Por supuesto, nadie puede quedarse tranquilo después del asesinato del alcalde de Uruapan, Carlos Manzo. Tampoco pueden dejar de plantearse las múltiples preguntas posibles acerca de este grave, gravísimo, hecho de violencia. La indignación es justa y hasta es válido decir que es necesaria. Si no hay indignación, no hay salidas para los mexicanos en el futuro. Quien no se indigne, es un cómplice moral.

Los indicios apuntan hacia las mismas fuentes generadoras de violencia, pero las ideas sobre lo que debe hacerse no son las mismas ni mucho menos. Abundan quienes se inclinan por enfrentar la violencia de los delincuentes con la violencia del Estado. También hay quienes opinan que lo conveniente es no hacer nada, para que los hechos pasen al olvido y los temores de la población comiencen a diluirse.

En una distinta orientación de opiniones, se dice que es necesario atender las causas, pero con acciones que vayan sobre lo que es urgente: restaurar el Estado de derecho en aquella entidad federativa.

En estos diez días, a partir de los hechos en la cabecera municipal de Uruapan, el gobierno del estado, en coordinación con las autoridades federales, han dado varios pasos adecuados para dar una respuesta a los delincuentes. Por lo pronto, se puede decir que no hubo ninguna clase de impunidad respecto a los ejecutores materiales y solamente —lo de solamente hay que manejarlo con mucho cuidado— falta ir a los autores intelectuales del crimen. Eso está bien, pero…

Con castigar a los culpables -justamente por supuesto-, solamente se resuelve parte del problema. El delito es atractivo y los delincuentes muy pronto encontrarán sus reemplazos. Si el escenario es propicio, la delincuencia va a multiplicar sus brazos o sus cabezas y pronto se repetirán los eventos criminales.

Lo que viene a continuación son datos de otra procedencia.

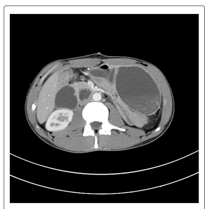
Figure 2a: The third duodenum part is occluded between the superior mesenteric artery and aorta.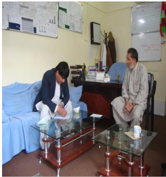
PI taking interview from chief of TB ward in his office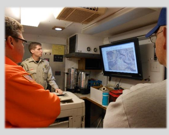
PCSAR and PCSO planning during night operations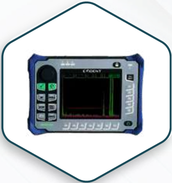
UT Flaw Detector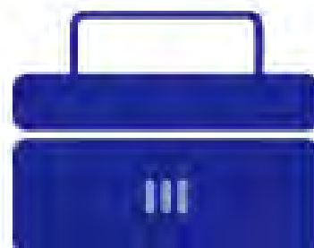
Medication lock box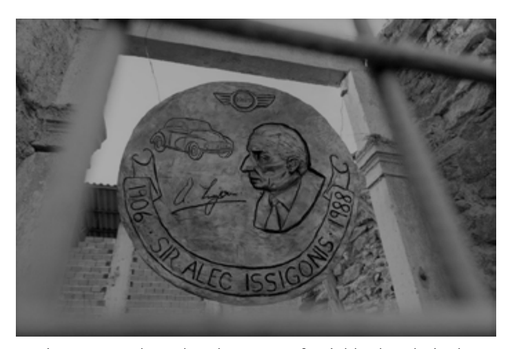
Figure 8.2.1 - The Cultural Memory of Neighborhood: Sir Alec Isigonis Medallion

and derelict structure. The medallion designed by the collective artists in memory of Sir Alec Issigonis, the designer of Mini Cooper, who is thought to have lived in the neighborhood in the past, shows the bond that the collective established with the history and cultural heritage of the neighborhood regarding the period when it was inhabited by non-Muslim minorities. This relief medallion is the artists' first work as a collective.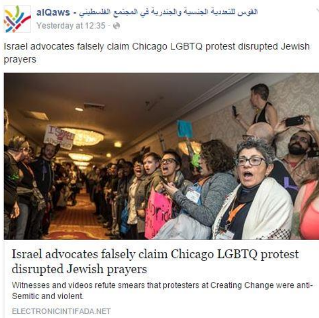
Figure 9: Al Qaws Facebook post sharing The Electronic Intifada 's article on allegations about the protestors.

JOH then launched a petition calling on the Taskforce to “uphold its inclusive values” and reinstate the event. 202 A Wider Bridge accused its critics of being “anti-Israel extremists,” guilty of “censorship.” 203 The Taskforce reinstated the event, but the reception came to an abrupt end when it was stormed by anti-‘pinkwashing’ protestors. These protestors were later accused of anti-Semitism, for example because they chanted “Palestine will be free from the river to the sea.” 204 Others said that this was just an example of critics of “a Jewish ethnocratic state that treats Jews differently than its other inhabitants” being falsely labelled as anti-Semitic. 205 Meanwhile, Palestinian activists criticised the Jewish Telegraphic Agency and StandWithUs for claiming that the protestors had disrupted a Jewish prayer service rather than “a reception held for Israel lobby groups.” 206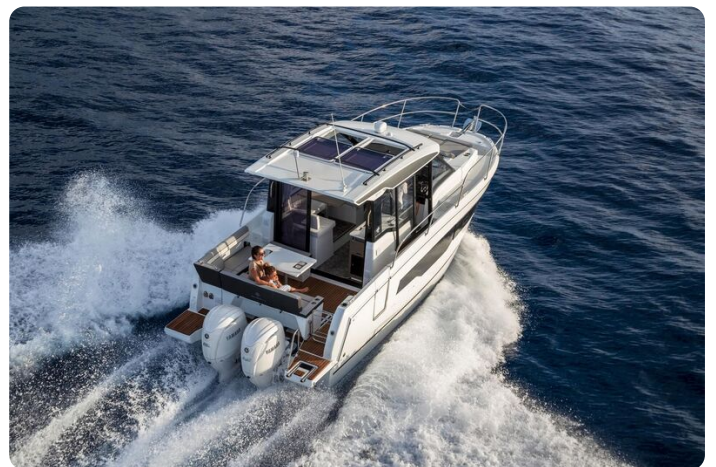
Jeanneau Merry Fisher 895 - overhead view from starboard side aft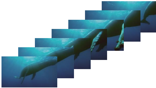
Frame by frame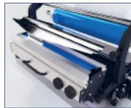
Removal in few seconds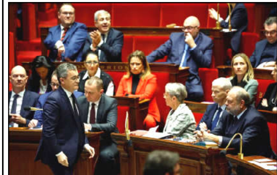
French Interior Minister Gerald Darmanin and members of the French government attend the questions to the government session at the National Assembly ahead of a vote by members of parliament on immigration bill in Paris, France.

"Positive developments we expect both on (procuring US) F-16s and Canada's promises (on lifting its arms embargo) would help our parliament to have a positive approach to Sweden... All of them are linked."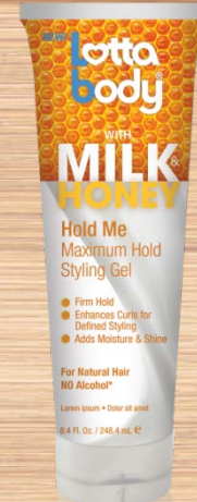
Hold Me Maximum Hold Styling Gel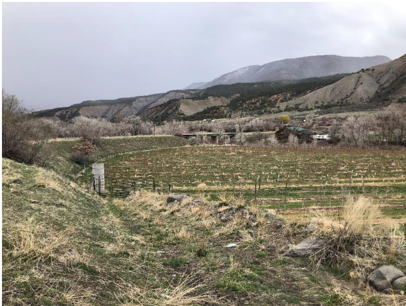
Slope below loadout with the trestle in background

Number of Partial Inspection this Fiscal Year: 7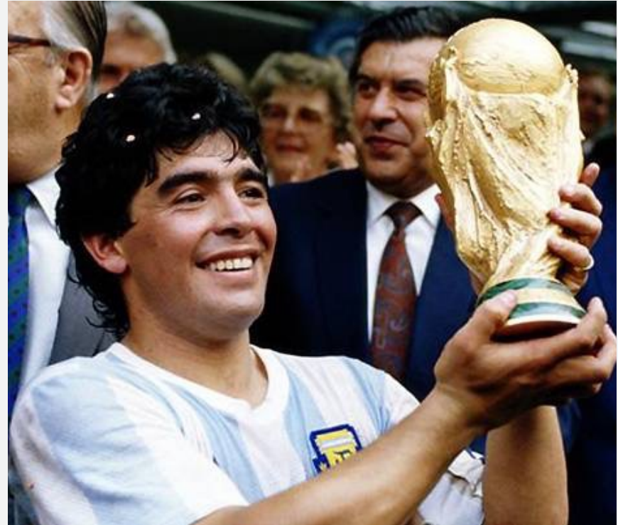
Diego Maradona (football)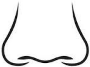
This is my nose.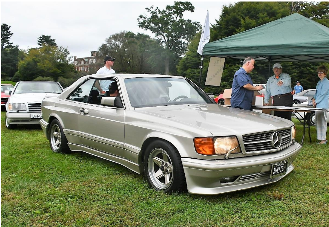
2019 Great Marques at Old Westbury Gardens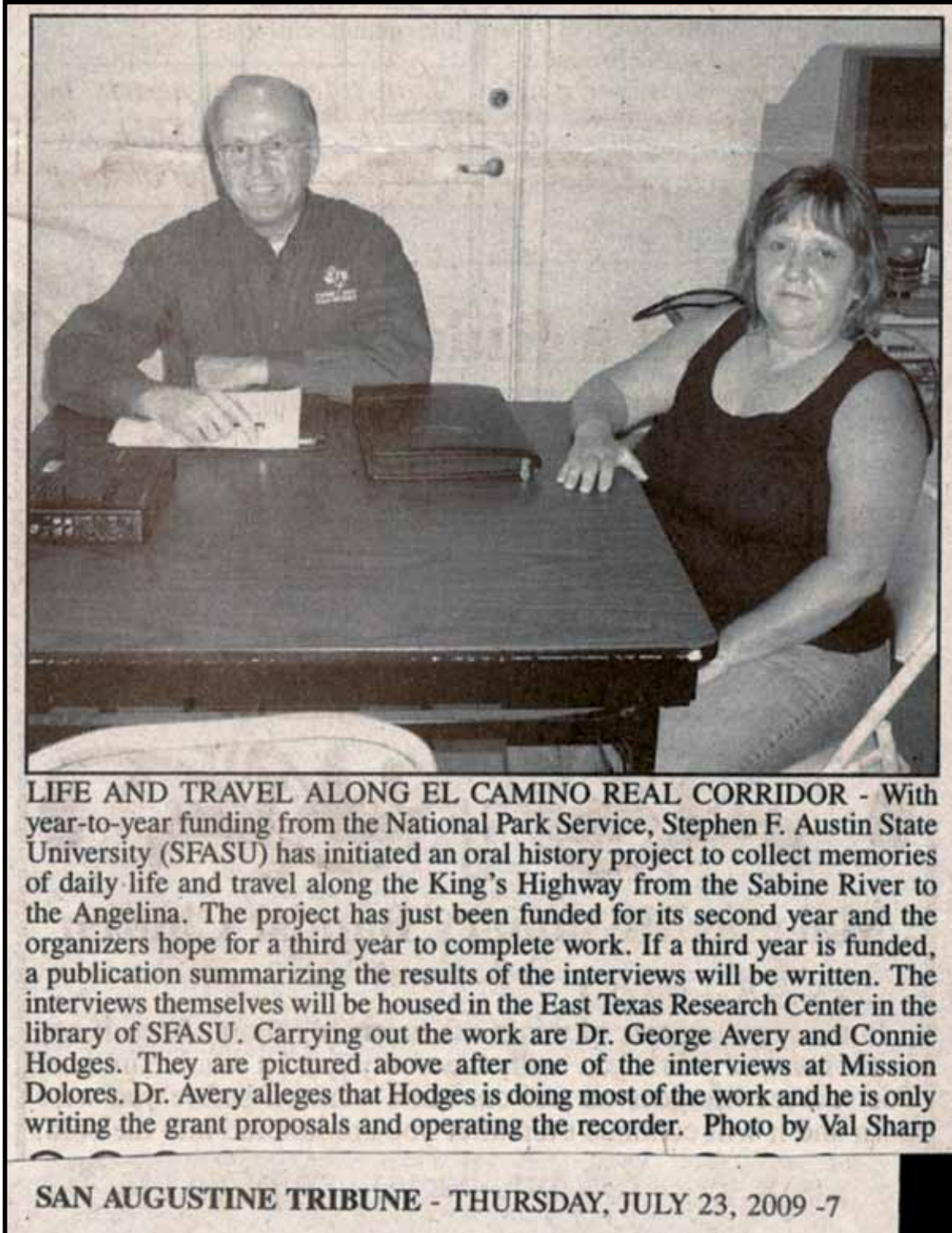
Figure 6. Newspaper article about the project.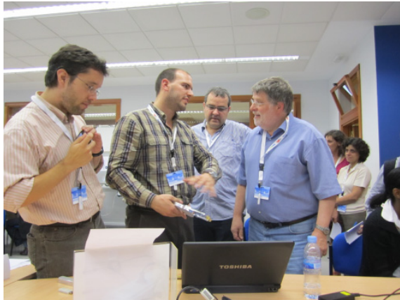
Figure 6. LipoTool – REV2012 Exhibition Session

Since then the author has been working in the development of the LipoTool system, Fig. 5, collaborating in two already submitted patents now pending (one national and another international, [4-5]), participating actively in the market evaluation, collaborating in the submissions of LipoTool to two awards recently achieved, also co-authoring several communications in conferences [10-20], where he has represented the team. Six LipoTool systems have been sold and are now working in research centers/units/institutions. Here, he has been acting as one of the bridge elements between the new system users.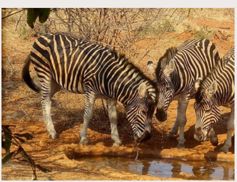
Just a few of the recent sightings our guests have shared with us...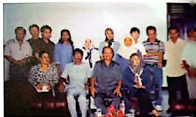
With the Dean and dozens during our courtesy visit to FISIP.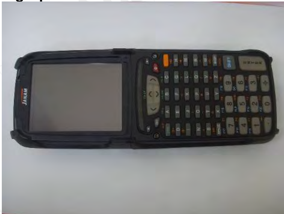
Fig.5 Front view of EUT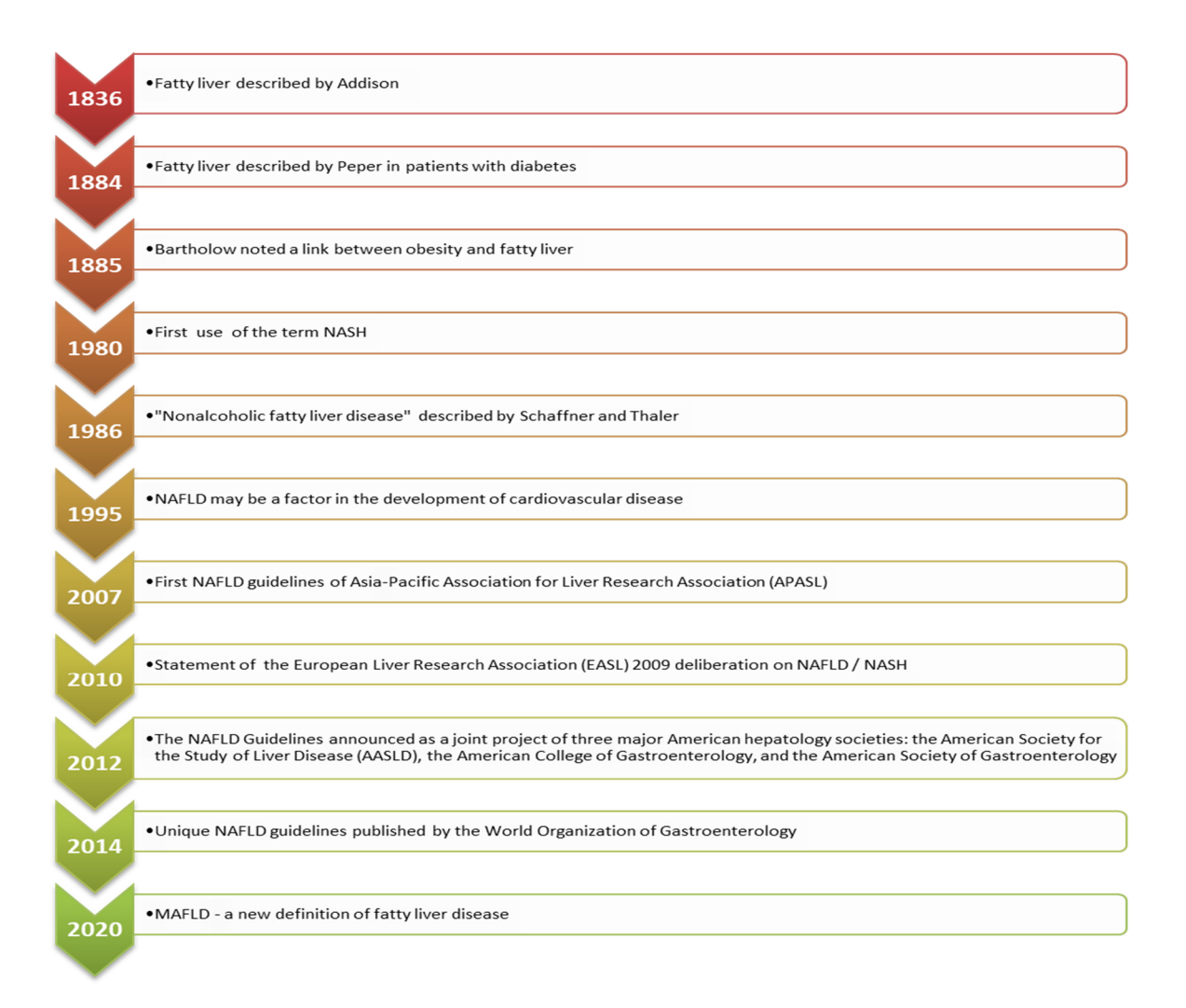
Figure 1. Fatty liver disease timeline [1–8].

The latter definition of MAFLD is based on the presence of hepatic steatosis and at least one other condition such as overweight/obesity, T2DM, or metabolic abnormalities with no additional exclusion criteria [10,11]. Metabolic abnormalities included in the definition cover at least two features from the following: increased waist circumference, arterial hypertension, hypertriglyceridemia, low high-density cholesterol (HDL-C), prediabetes, insulin resistance, and subclinical inflammation [10] (Figure 2). This new definition underlines the importance of cardiometabolic risk factors contributing to liver disease even among patients with other liver diseases and who drink alcohol [10]. Although it should be noticed that although the new definition has been proposed by a panel of international experts from 22 countries, this new nomenclature is not yet accepted by the American Association for the Study of Liver Disease and the European Association for the Study of Liver Disease.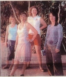
HOLIDAY NIGHTMARE: The party of adventurers whose island paradise trip to Tanzania turned to one of terror

before the bandits fled, but some of the holidaymakers made a move for several hours until they were sure their captives had left.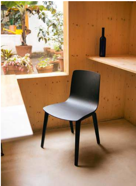
4 Art. 3910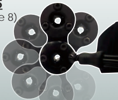
Includes a standard 9" rod and egg switch mount.

Figure 8 mounts are uniquely designed to provide 240 degree rotation capability for a second pad, switch or embedded speaker on a traditional Swing-Away.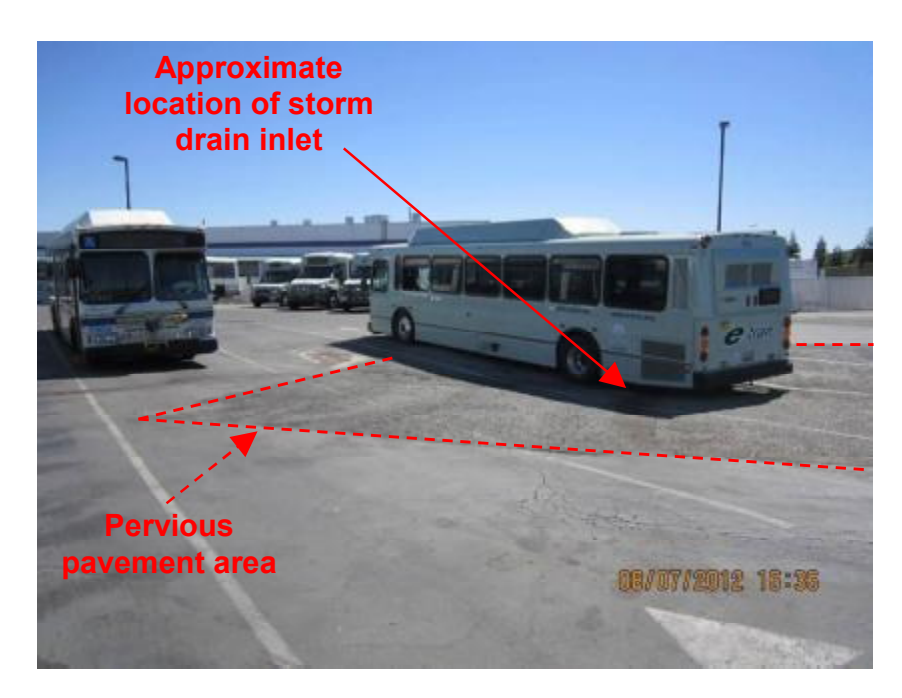
Photograph 6. View of bus parked over a storm drain inlet in an area of pervious pavement.

Photograph 5. View of drum of unlabeled container of fluid stored in an uncovered area without secondary containment adjacent to the vehicle wash bay shown in Photograph 4.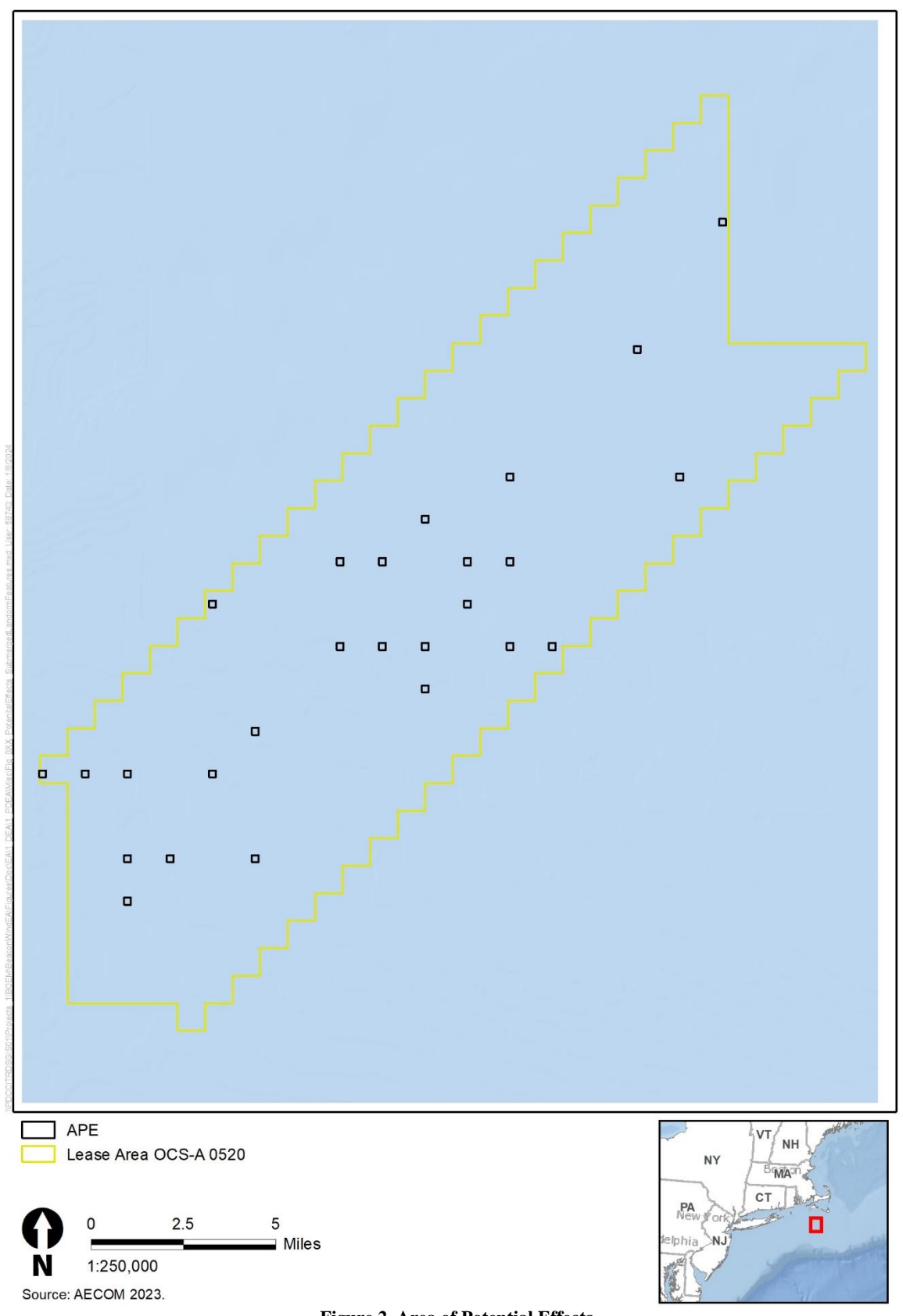
Figure 2. Area of Potential Effects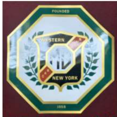
Limited Supply – 2 left 10" Magnetic Sign $15.00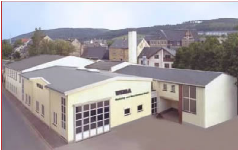
The company building in Olbernhau.

In 1994 we extended our works to accommodate an increased production. In the year 2000 we built a new assembly hall together with a new showroom, a training-room and a large parking area for customer.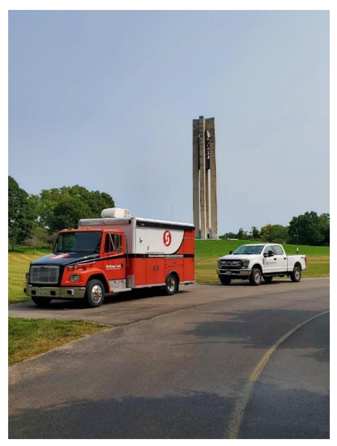
Figure 29. Sinclair Mobile Ground Control Station at Carillon Historical Park.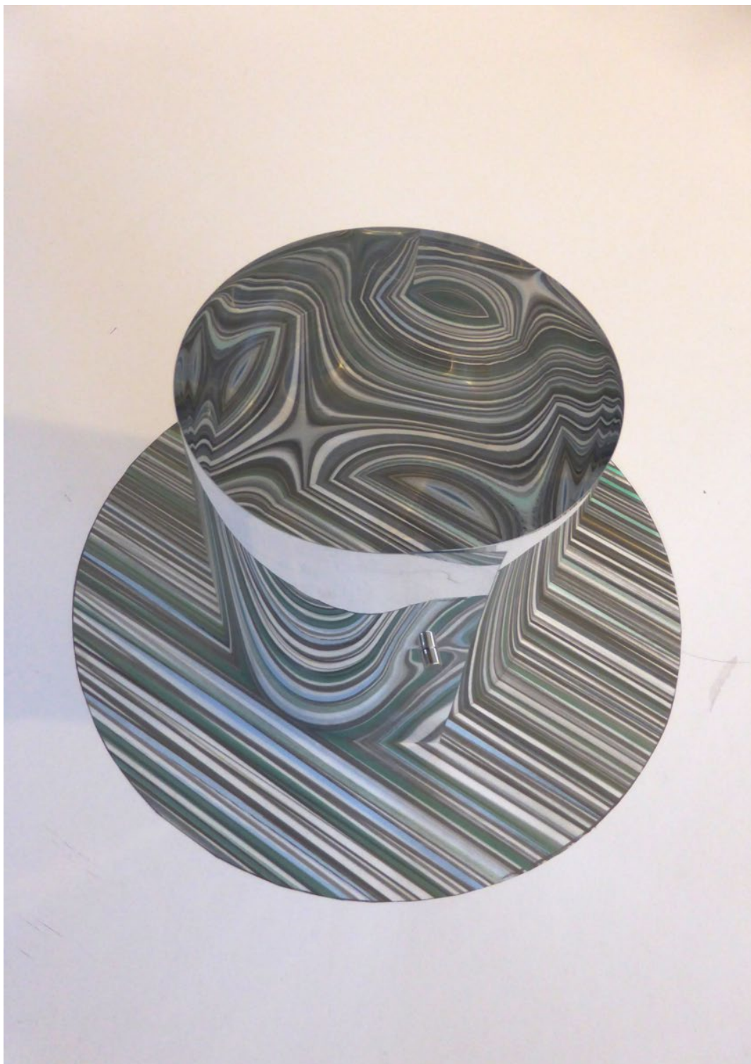
BendLine Series I , 2015 graphite, colour pencils on Mylar, reflective Mylar, magnets 23x14cm

Parece una obviedad y ciertamente es obvio porque las raíces de la ilegalidad son profundas y los detonantes son múltiples. Como si faltaran complicaciones, la fuerza del Estado, cuando se aplica solamente en un espacio determinado, genera el llamado “efecto cucaracha”: la diáspora violenta. Por eso mismo, lo único que puede, y debe, resolver los problemas de inseguridad es la acción -a fondo y permanente- en términos sociales.

Por eso es importante, y seguramente efectivo, el recurso a utilizarse en Michoacán, en sus diversas regiones. Este recurso, este camino, es el de atender los problemas sociales que constituyen el entorno propicio para producir y reproducir las conductas que, por lo menos, nos deben indignar.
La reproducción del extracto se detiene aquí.